I’m a little surprised to see this:
Wal-Mart, the mightiest retail giant in history, may have met its own worthy adversary: Amazon.com. In what is emerging as one of the main story lines of the 2009 post-recession shopping season, the two heavyweight retailers are waging an online price war that is spreading through product areas like books, movies, toys and electronics.
Used to be that every year, right around the hotel convention season, the Miami Herald would run an article about how the hotel industry was doomed and price wars were just around the corner. The New York Times would return the favor during Seatrade, offering some expose about tax shelters and shipboard rapes by undocumented crewmen. It’s a nice way to thank your advertisers.
That doesn’t seem to explain this article, and I can’t imagine what does. How does a $450bn company get worked up about a $20bn company that sells through an entirely different channel with at best tiny, tiny overlap?
Wal-Mart, at its core, is about push marketing. It may not have the limited SKU approach of a European hard discounter such as Aldi, but given a 160,000 square foot supercenter, there is surprisingly little choice within a category. There just happen to be a lot of categories.
Amazon, by contrast, is the long tail. Its growth has been horizontal; you can find ever-more obscure merchandise from its partner vendors, as well as the typical high-touch predictive book and video selling (side note: I have a tough time believing there is any complex algorithm to its recommendations; after buying hundreds of books over the past decade, my recommendations from Amazon are still some derivative of “as similar as possible to the last three books ordered”).
Why would Wal-Mart want to bother? The low value-to-weight stuff they sell isn’t going to be helpful for Amazon, unless Amazon wants to go the way of pets.com.
And there is no point in Wal-Mart replicating Amazon’s habit of stocking obscure movies; how many of its customers are likely to buy a movie outside of the top 100 sellers?

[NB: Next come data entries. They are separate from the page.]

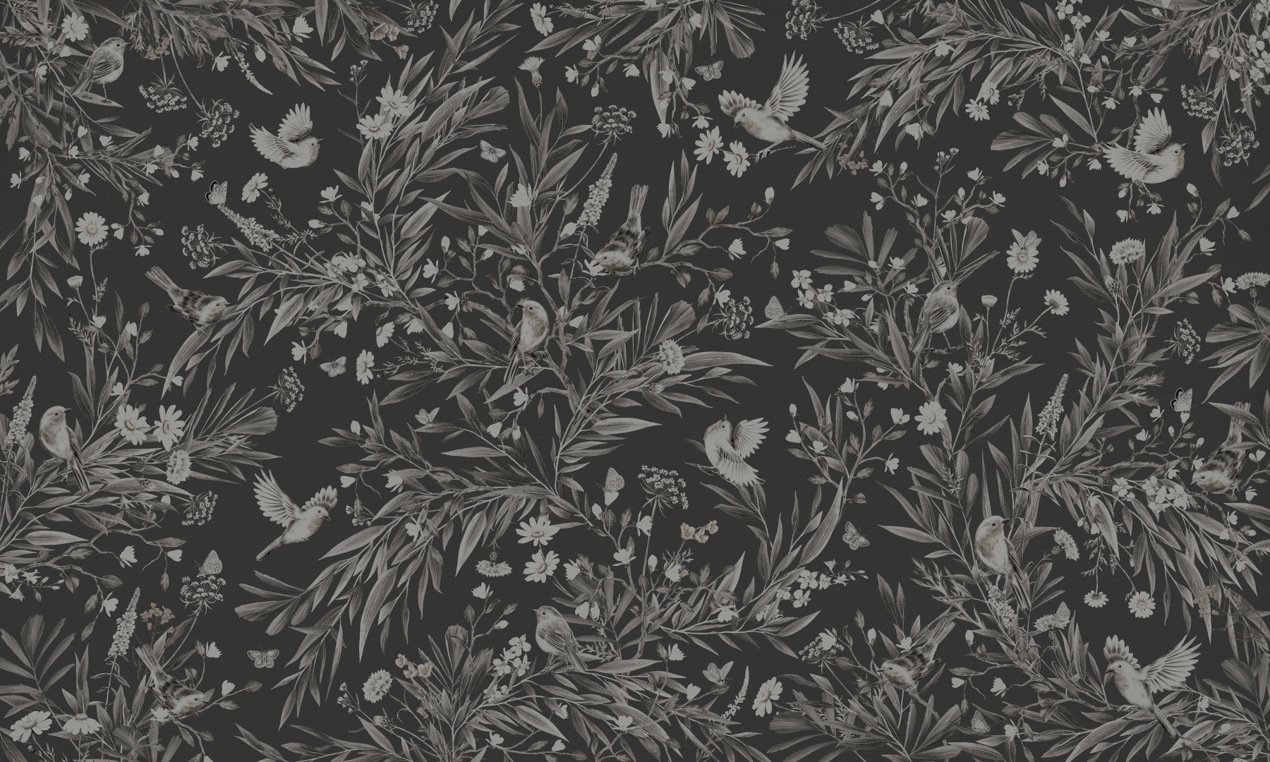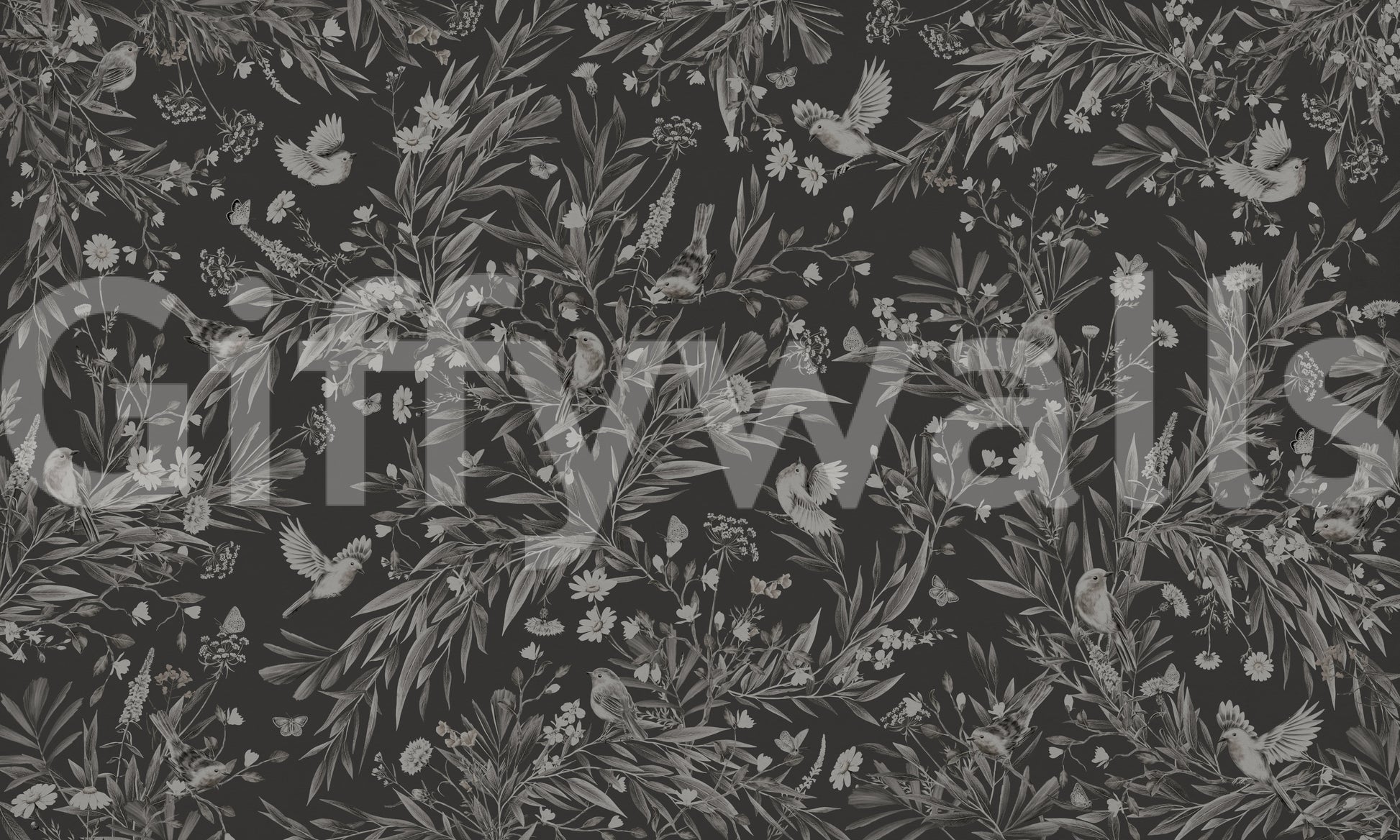 Transform your space with this refined wallpaper for walls, showcasing detailed botanical art. Leaves, flowers, and delicate birds form a seamless monochrome pattern against a dark backdrop. This design brings a touch of nature into your home, working wonderfully in a bedroom, living room, or hallway. Its quiet sophistication balances any decor, adding depth and texture with a calming atmosphere.
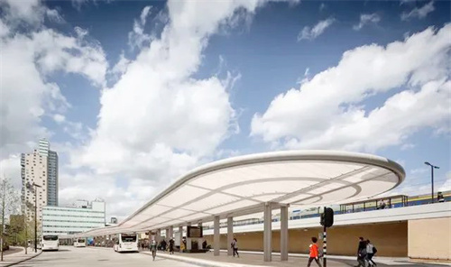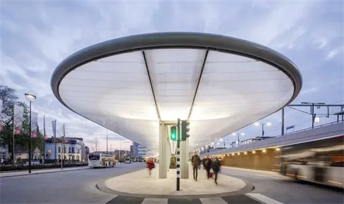 耐用、輕便且耐候的材料使設(shè)計師能夠?qū)⒔Y(jié)構(gòu)塑造成引人注目的球形。建筑師選擇在中間打開結(jié)構(gòu)以提供額外的日光,創(chuàng)造一個令人愉悅的環(huán)境,旅客可以在等待公共汽車時聚集在一起交談。
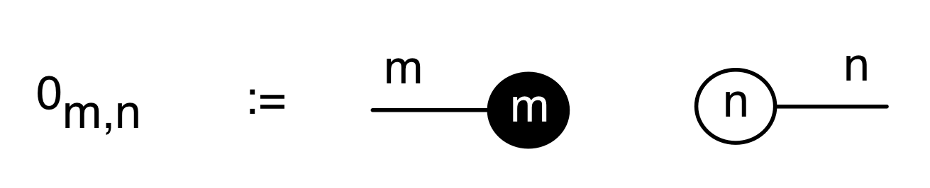 Let’s compare the two ways. In the traditional approach, one first defines the natural numbers and then “bootstraps” matrices on top. With diagrams, there is no precedence given to natural numbers as such; everything gets defined at the same time. Natural numbers can be recovered as special kinds of diagrams, those with one dangling wire on each end. We don’t need to invent any extra formulas for multiplying matrices because composition is a basic operation of the algebra of diagrams. Matrix addition is not a primitive operation at all, it can be constructed from the diagrammatic primitives.
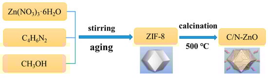 As shown in Figure 1, C-, N-co-doped ZnO nanoparticles with ZIF-8 as the precursor were prepared via a high-temperature calcination method. The synthesised ZIF-8 powder was placed in a ceramic crucible and subsequently transferred to a muffle furnace. It was then calcined for 2 h at a heating rate of 2 °C/min to reach temperatures of 300 °C, 400 °C, 500 °C, and 600 °C, respectively. The resulting powders were labelled ZIF-8-300, C/N-ZnO-400, C/N-ZnO-500, and C/N-ZnO-600, respectively.

One of the odd lessons of the internet seems to be that the perfect place to cross-sell isn’t that perfect after all. Once upon a time, Microsoft had the leading email client. That was sticky, but it didn’t get its users to read MSN content; they went to Yahoo’s pages. Yahoo’s enormous user base didn’t stick with it for search; people with My Yahoo pages still searched with Google. Google’s dominance of search couldn’t even get people to use Google Video; they ended up buying YouTube just to prevent someone else from getting into search through the back door.
None of the portals has been able to sell stuff, and Amazon and eBay have struggled to build anything but transactional visits. Facebook and Twitter have tremendous numbers of visitors, but few do anything other than check up on their friends; they don’t use it as a base of consuming or doing anything else.
We have the feeling that the Internet should be disruptive, and of course in the sense that technologies emerge and recede it is. Just ask AOL or Alta Vista or Friendster. Someday there will be a better way to look for what you want and “Google” will be the answer to a Silicon Valley trivia question.
The tendency to compartmentalize, however, seems if anything to be greater. And it only grows with a mobile web. One of the things that surprised me the most about switching to the iPhone (other than the fact I was able to type without buttons) was the proliferation of applications that essentially replace the typical hierarchical browser. It is an electronic Swiss Army knife.
No need for the corkscrew to fight with the scissors.